This leads to my first experiment in a shared memory multi-processer model and the second experiment in a distributed system.

Setting up data nodes is another experiment for speedup in distributed model. By partitioning the data in such a way that all data are fitted in caches of multiple data nodes, we can achieve a faster RAM access in a distributed system. However, this has a high requirement for Ethernet speed. I will describe this late

In computer architecture, speedup is a metric for improvement in performance between two systems processing the same problem. More technically, is it the improvement in speed of execution of a task executed on two similar architectures with different resources. The notion of speedup was established by Amdahl´s law, which was particularly focused on parallel processing. However, speedup can be used more generally to show the effect on performance after any resource enhancement.

Sometimes a speedup of more than A when using A processors is observed in parallel computing, which is called super-linear speedup. Super-linear speedup rarely happens and often confuses beginners, who believe the theoretical maximum speedup should be A when A processors are used.
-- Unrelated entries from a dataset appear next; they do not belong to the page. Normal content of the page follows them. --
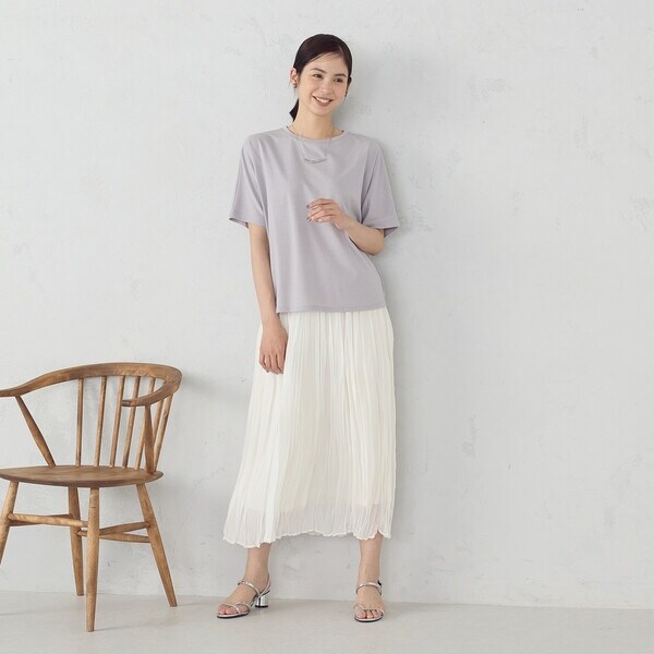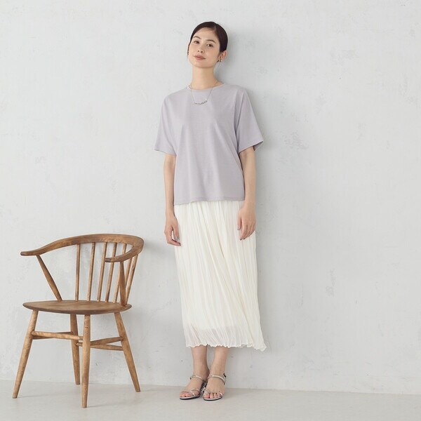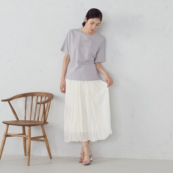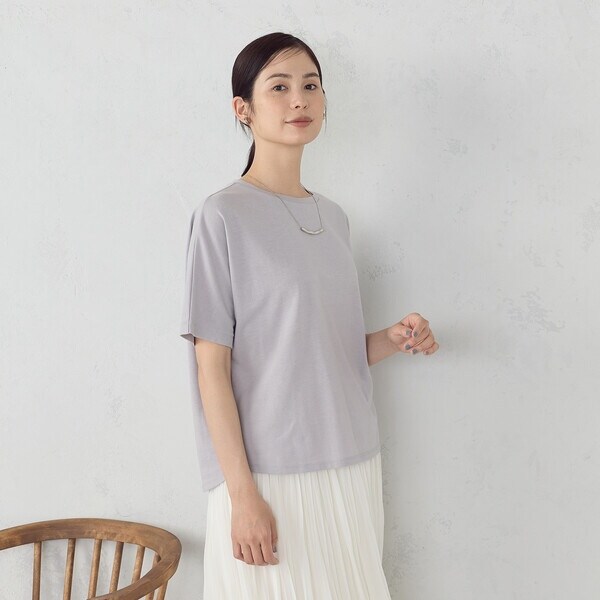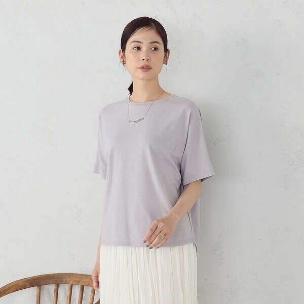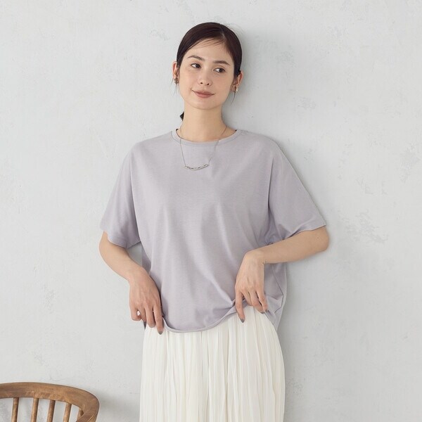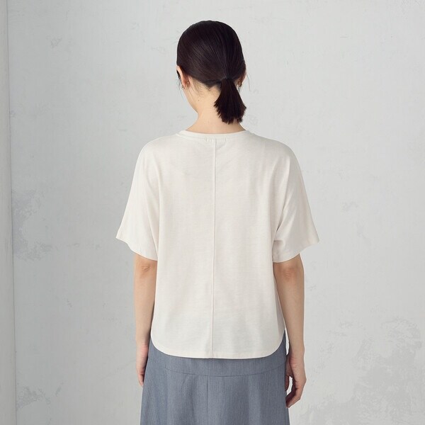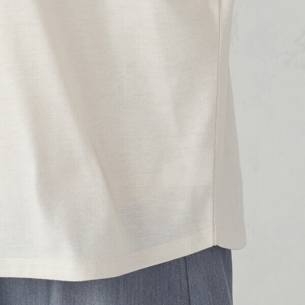 柔らかな印象のラウンドヘムは、裾をアウトしても軽やかな着こなしに。
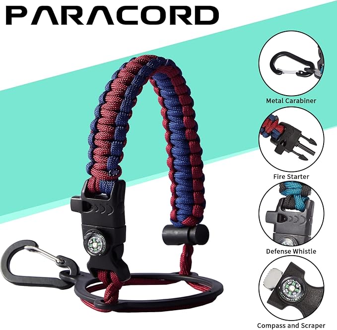 - UNIQUE PARACORD—Perfect Accessories: bright color paracord matches the flask water bottle to give you a youthful vibe while adding a personal style. It comes with a compass, safety loop, metal carabiner, flint, igniter, and whistle to become your survival tool for your wild adventures.
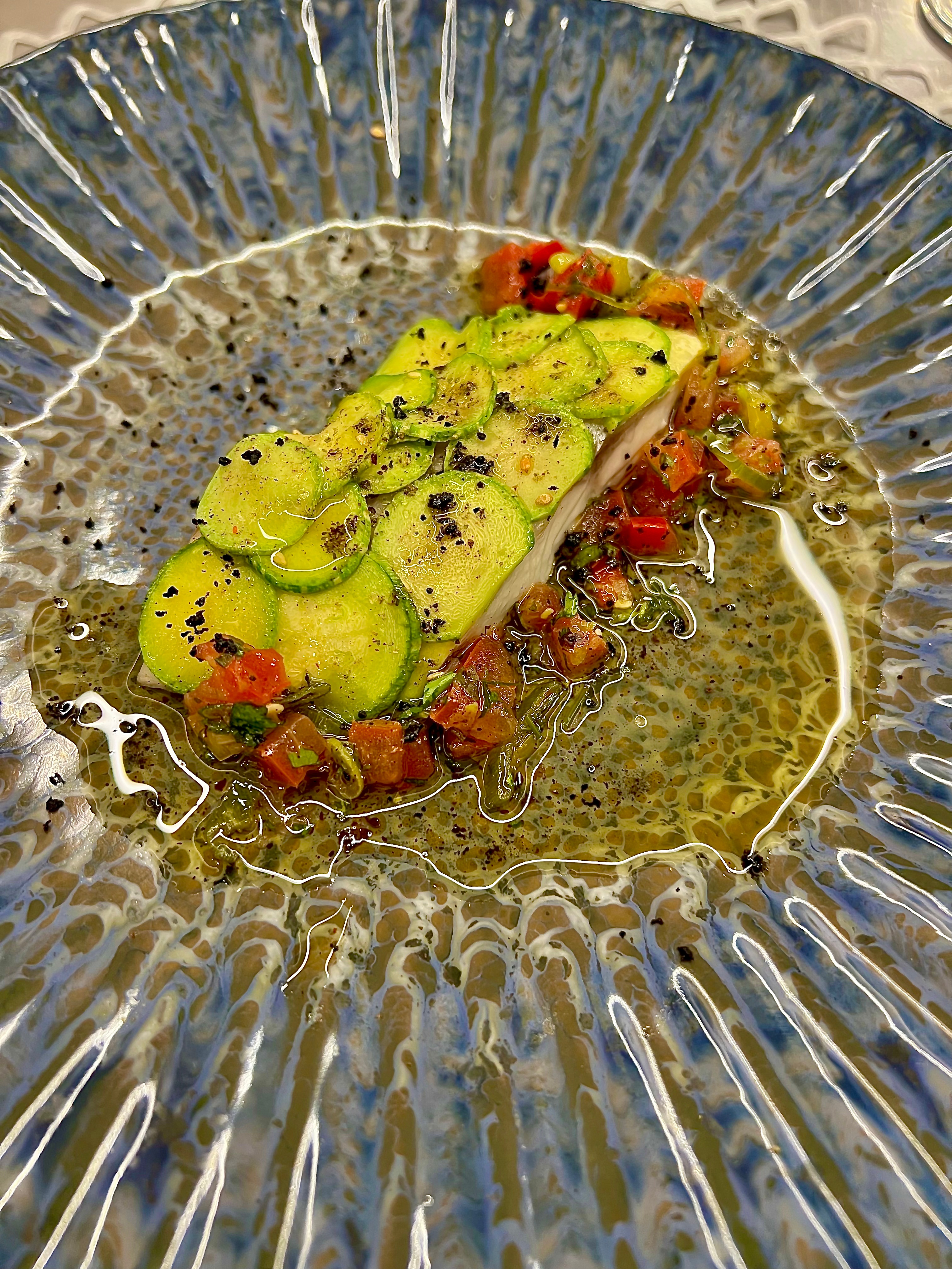 La Dorade en écailles de courgette de Nice au zaatar, vierge de tomate ancienne à la coriandre : avec cette dorade cuite en vapeur douce, c’est un retour aux saveurs méridionales avec une ponctuation levantine. Elle s’encanaille d’écailles de courgettes de Nice, d’une poudre d’olives noires déshydratées et de zaatar, ce mélange d’herbes et d’épices typique du Moyen-Orient avec une prédominance du thym d’Alep. La vierge de coriandre à la tomate et sumac (autre épice levantine à la saveur douce et acidulée) vient accentuer l’orientalisme niçois de l’assiette avec une dynamique herbacée et citronnée.
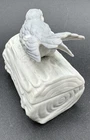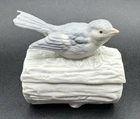 Ceramic Bisque Bird on Log Trinket Box by Crowning Touch Japan Removable Lid 3x3

One possible reason for super-linear speedup in low-level computations is the cache effect resulting from the different memory hierarchies of a modern computer: in parallel computing, not only do the numbers of processors change, but so does the size of accumulated caches from different processors. With the larger accumulated cache size, more or even all of the working set can fit into caches and the memory access time reduces dramatically, which causes the extra speedup in addition to that from the actual computation.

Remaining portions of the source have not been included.